*** Opening of Provided records ***
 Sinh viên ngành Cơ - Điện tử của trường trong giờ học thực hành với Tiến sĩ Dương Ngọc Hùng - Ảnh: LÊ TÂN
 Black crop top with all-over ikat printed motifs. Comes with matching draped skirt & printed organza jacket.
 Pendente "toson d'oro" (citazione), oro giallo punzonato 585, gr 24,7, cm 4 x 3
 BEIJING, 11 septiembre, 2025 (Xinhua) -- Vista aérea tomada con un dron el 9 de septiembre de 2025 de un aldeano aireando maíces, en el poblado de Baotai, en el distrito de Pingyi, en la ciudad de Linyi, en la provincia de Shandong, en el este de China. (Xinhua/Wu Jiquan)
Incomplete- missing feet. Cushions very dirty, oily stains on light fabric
*** Close of Provided records ***
*** Opening of Provided records ***
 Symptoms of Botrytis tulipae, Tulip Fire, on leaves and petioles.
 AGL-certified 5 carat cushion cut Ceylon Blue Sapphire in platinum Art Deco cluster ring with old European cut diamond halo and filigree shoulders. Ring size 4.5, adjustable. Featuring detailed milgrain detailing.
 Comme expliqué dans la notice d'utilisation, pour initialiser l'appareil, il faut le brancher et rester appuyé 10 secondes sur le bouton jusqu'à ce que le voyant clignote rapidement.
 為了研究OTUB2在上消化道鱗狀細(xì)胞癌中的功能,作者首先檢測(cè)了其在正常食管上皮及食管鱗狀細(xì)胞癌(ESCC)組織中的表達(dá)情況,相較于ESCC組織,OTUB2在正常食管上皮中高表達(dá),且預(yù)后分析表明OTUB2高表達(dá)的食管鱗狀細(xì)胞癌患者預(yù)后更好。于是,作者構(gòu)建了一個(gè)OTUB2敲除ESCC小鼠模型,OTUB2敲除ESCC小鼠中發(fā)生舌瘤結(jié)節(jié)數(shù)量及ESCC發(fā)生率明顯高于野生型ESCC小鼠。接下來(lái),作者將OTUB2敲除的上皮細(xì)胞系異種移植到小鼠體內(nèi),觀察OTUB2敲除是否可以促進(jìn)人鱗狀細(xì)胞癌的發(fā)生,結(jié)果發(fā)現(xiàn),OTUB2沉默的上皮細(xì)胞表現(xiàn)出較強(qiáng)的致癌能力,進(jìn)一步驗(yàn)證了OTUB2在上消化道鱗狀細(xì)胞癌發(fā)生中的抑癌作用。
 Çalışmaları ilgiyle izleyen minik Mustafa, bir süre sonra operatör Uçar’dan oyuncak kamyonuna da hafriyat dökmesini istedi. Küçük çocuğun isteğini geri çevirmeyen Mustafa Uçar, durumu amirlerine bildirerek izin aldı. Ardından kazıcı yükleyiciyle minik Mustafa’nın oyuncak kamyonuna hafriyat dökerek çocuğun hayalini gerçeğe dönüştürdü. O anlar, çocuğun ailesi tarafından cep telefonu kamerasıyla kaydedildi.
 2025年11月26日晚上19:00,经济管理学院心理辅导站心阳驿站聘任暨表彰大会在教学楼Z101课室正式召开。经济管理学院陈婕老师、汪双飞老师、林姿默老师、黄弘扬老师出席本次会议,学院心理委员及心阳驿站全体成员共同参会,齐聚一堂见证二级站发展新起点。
*** Close of Provided records ***
**What is needed**
An exact copy of the lines above between the line holding "Black crop top" and the line holding "Incomplete- missing feet.", inclusive, is the whole answer.

**Answer to this task**
 Black crop top with all-over ikat printed motifs. Comes with matching draped skirt & printed organza jacket.
 Pendente "toson d'oro" (citazione), oro giallo punzonato 585, gr 24,7, cm 4 x 3
 BEIJING, 11 septiembre, 2025 (Xinhua) -- Vista aérea tomada con un dron el 9 de septiembre de 2025 de un aldeano aireando maíces, en el poblado de Baotai, en el distrito de Pingyi, en la ciudad de Linyi, en la provincia de Shandong, en el este de China. (Xinhua/Wu Jiquan)
Incomplete- missing feet. Cushions very dirty, oily stains on light fabric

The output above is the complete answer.